• **YOUR OBJECTIVE**: Lines from the one containing "Pj Bupati Mubar" to the end of the records, both ends included and exactly as written, are the whole answer, and no pictures go in it.

● ● ●

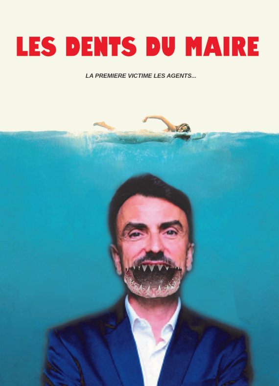 "Les dents du maire, la première victime : les agents", peut-on ainsi lire sur cette parodie. Le but de ce détournement : dénoncer la suppression d'une prime saisonnière pour le personnel des piscines municipales de Lyon qui servait à compenser les heures de formation des agents contractuels embauchés lors de la période estivale (montant total de cette prime : 34 447 euros en 2020).
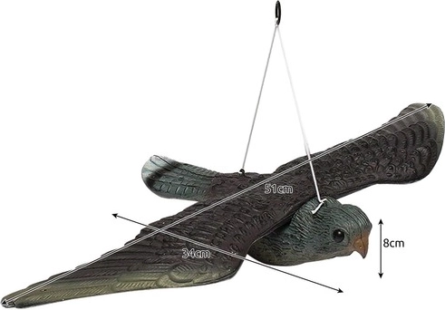Predstavljamo vam realistično imitacijo sokola, učinkovito orodje za odganjanje ptic iz vaše okolice. Izdelana je natančno do podrobnosti, vključno z podrobno izdelanimi krili in perjem, kar deluje na ptice kot naravni plenilec.
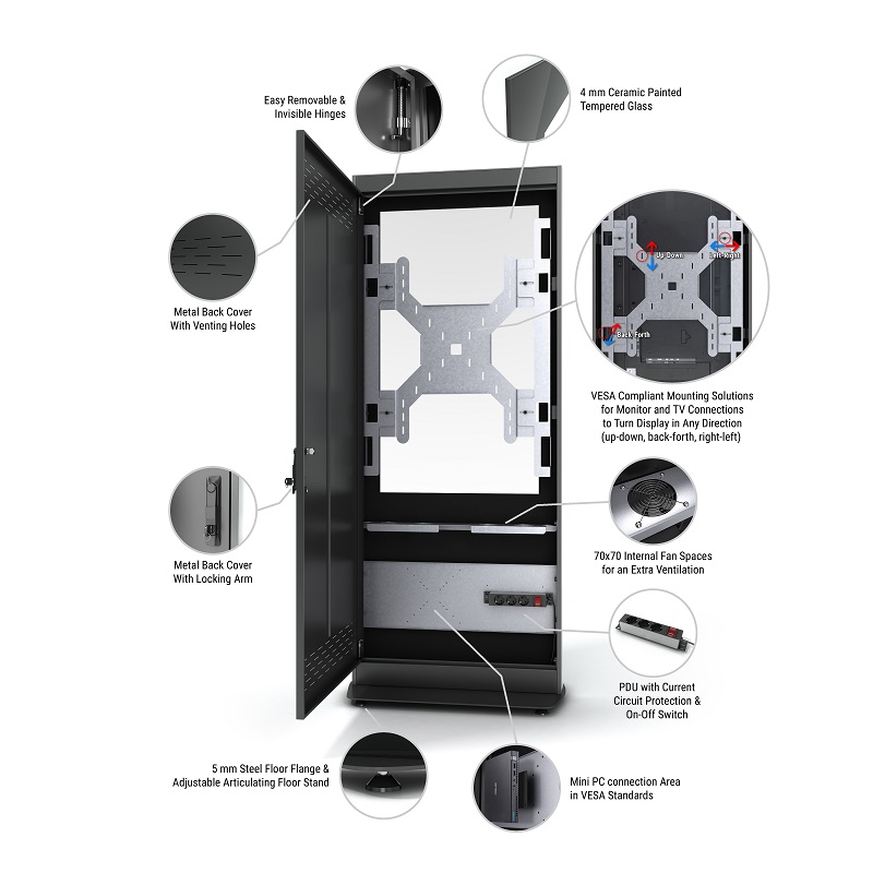 4mm, abschliessbar, Universal Vesa Halterung, Edelstahlfüsse höhenverstellbar, Rücköffnung
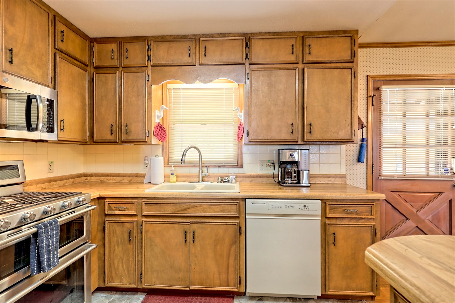 The fully equipped kitchen makes meal prep a breeze, or take it outside to the grill on the open porch. Dine together on the large screened porch, sip morning coffee on the covered porch, and enjoy the sounds of nature all around.
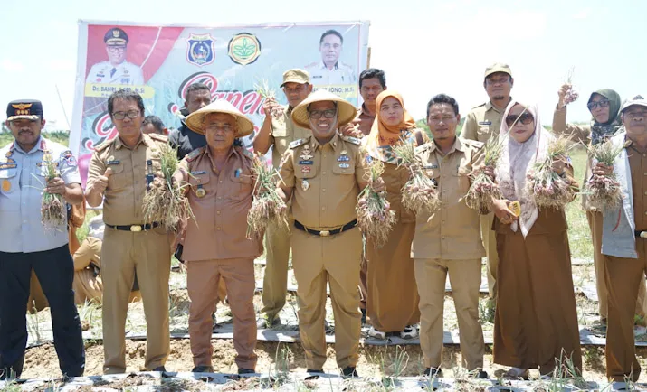 Pj Bupati Mubar Bahri memberikan apresiasi kepada kelompok tani yang telah berhasil dan sukses menjadi contoh dalam gerakan penanaman bawang merah ini.
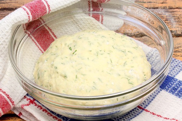 2. Cu ajutorul unui cuțit, tăiem mărunt mărarul, pe urmă îl adăugăm în compoziție. Treptat, adăugăm făina cernută și amestecăm bine până obținem un aluat moale și omogen.
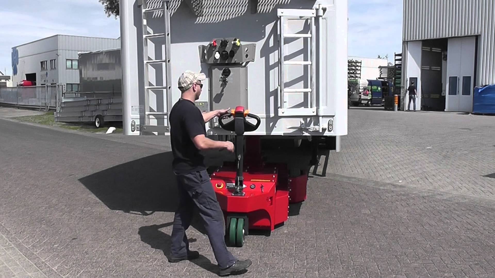 The electric tug also includes safety devices, so it’s easy to steer a 20-ton trailer without the risk of it tipping, and more importantly, so it’s just as easy to stop. It also includes an optional onboard air compressor, which can be used to operate the trailer’s own air brakes for additional stopping power, which is probably a very popular option.
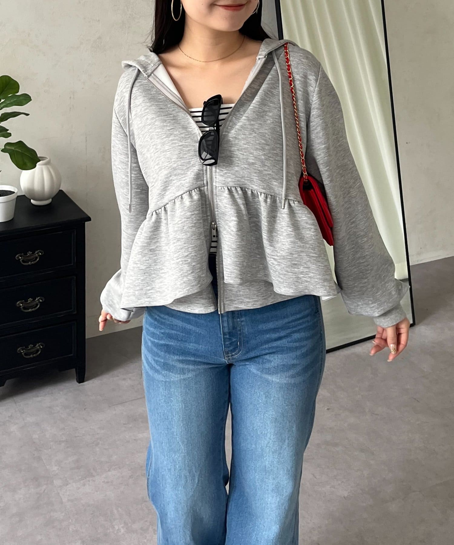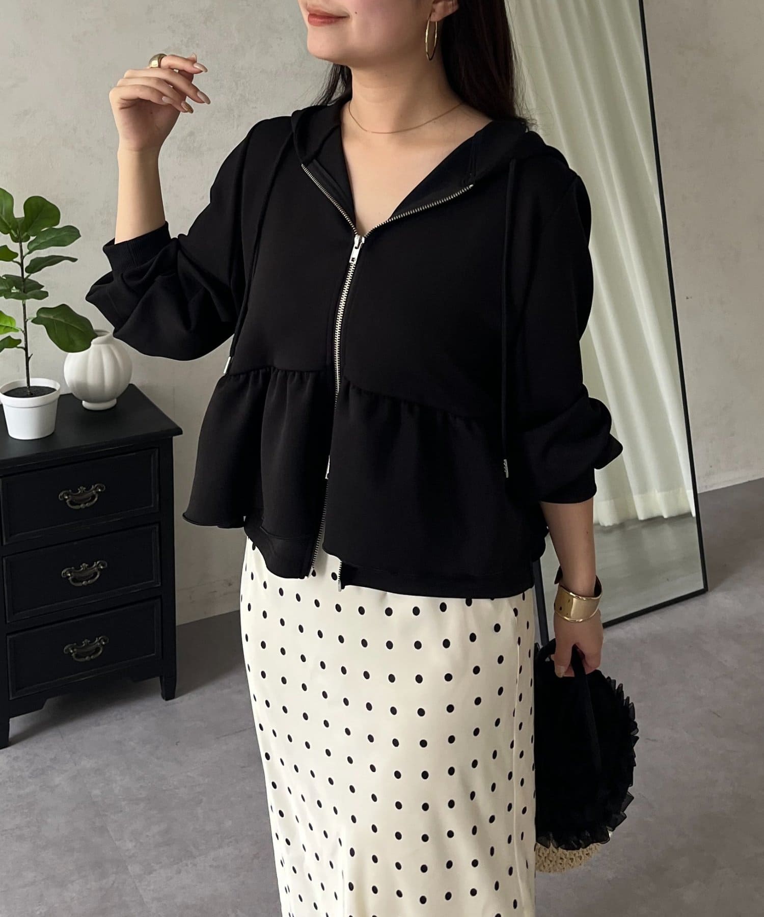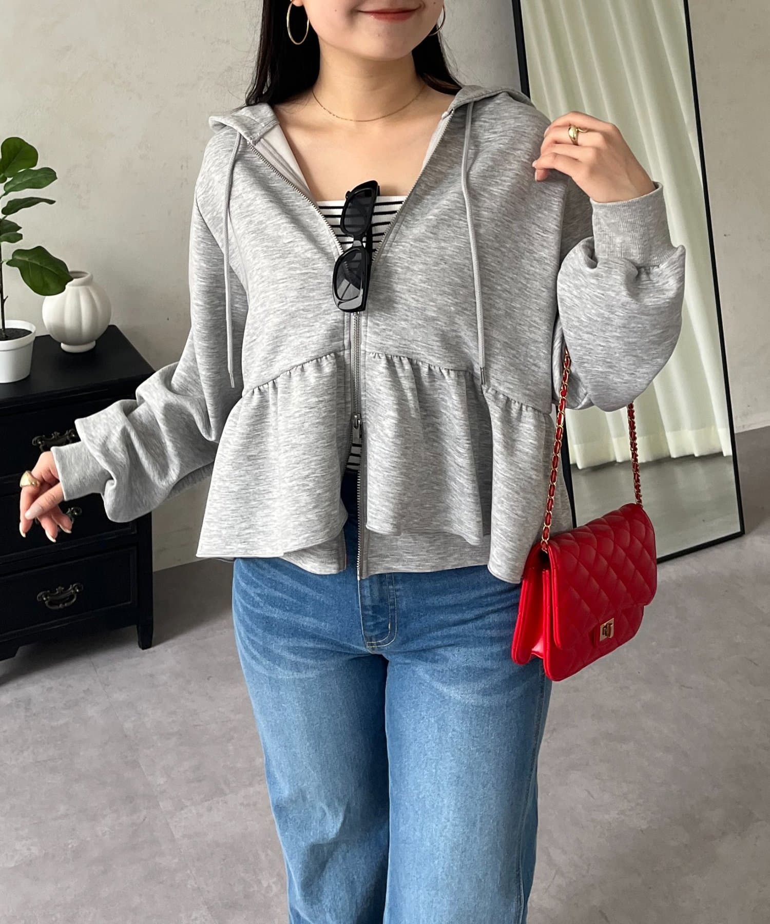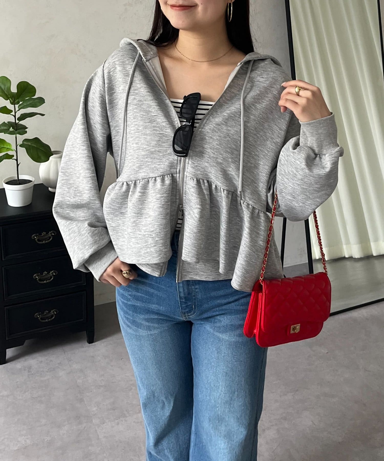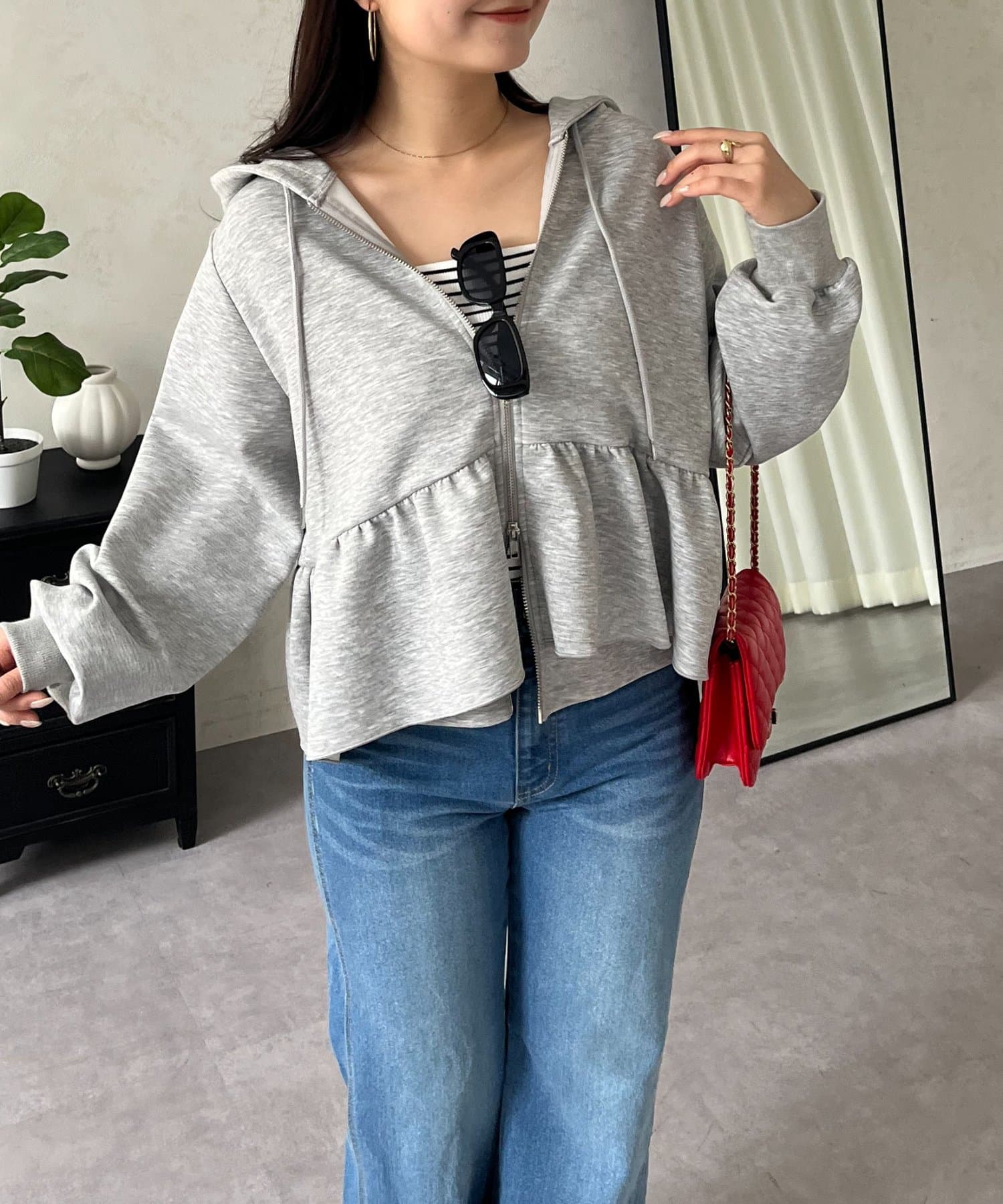 ペプラムラインでカジュアルに差がつくペプラムパーカー

● ● ●

• **OUTPUT**:
 Pj Bupati Mubar Bahri memberikan apresiasi kepada kelompok tani yang telah berhasil dan sukses menjadi contoh dalam gerakan penanaman bawang merah ini.
 2. Cu ajutorul unui cuțit, tăiem mărunt mărarul, pe urmă îl adăugăm în compoziție. Treptat, adăugăm făina cernută și amestecăm bine până obținem un aluat moale și omogen.
 The electric tug also includes safety devices, so it’s easy to steer a 20-ton trailer without the risk of it tipping, and more importantly, so it’s just as easy to stop. It also includes an optional onboard air compressor, which can be used to operate the trailer’s own air brakes for additional stopping power, which is probably a very popular option.
 ペプラムラインでカジュアルに差がつくペプラムパーカー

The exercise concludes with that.